◆ **Recorded information**

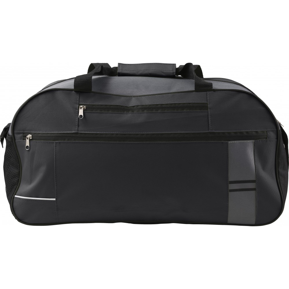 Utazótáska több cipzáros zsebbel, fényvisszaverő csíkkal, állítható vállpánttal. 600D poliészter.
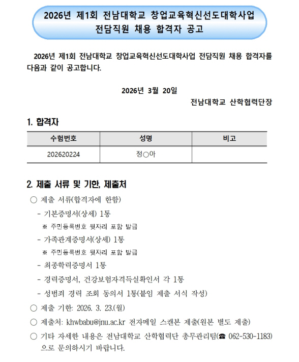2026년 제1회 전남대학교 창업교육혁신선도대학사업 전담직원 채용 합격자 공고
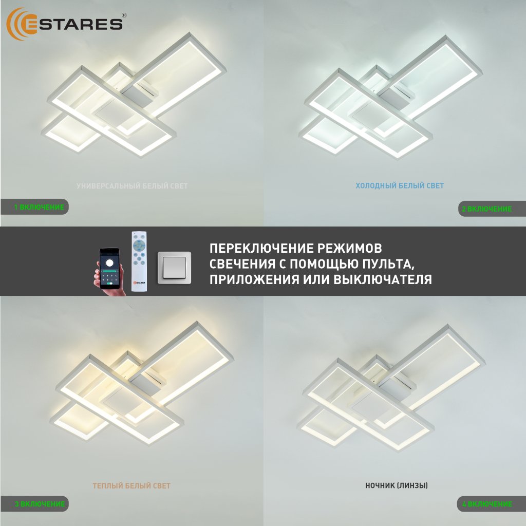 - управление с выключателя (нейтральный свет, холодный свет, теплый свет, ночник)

◆ **Exercise brief**
Leave out the images and write out the listing above exactly.

◆ **Result for this exercise**
 Utazótáska több cipzáros zsebbel, fényvisszaverő csíkkal, állítható vállpánttal. 600D poliészter.
2026년 제1회 전남대학교 창업교육혁신선도대학사업 전담직원 채용 합격자 공고
 - управление с выключателя (нейтральный свет, холодный свет, теплый свет, ночник)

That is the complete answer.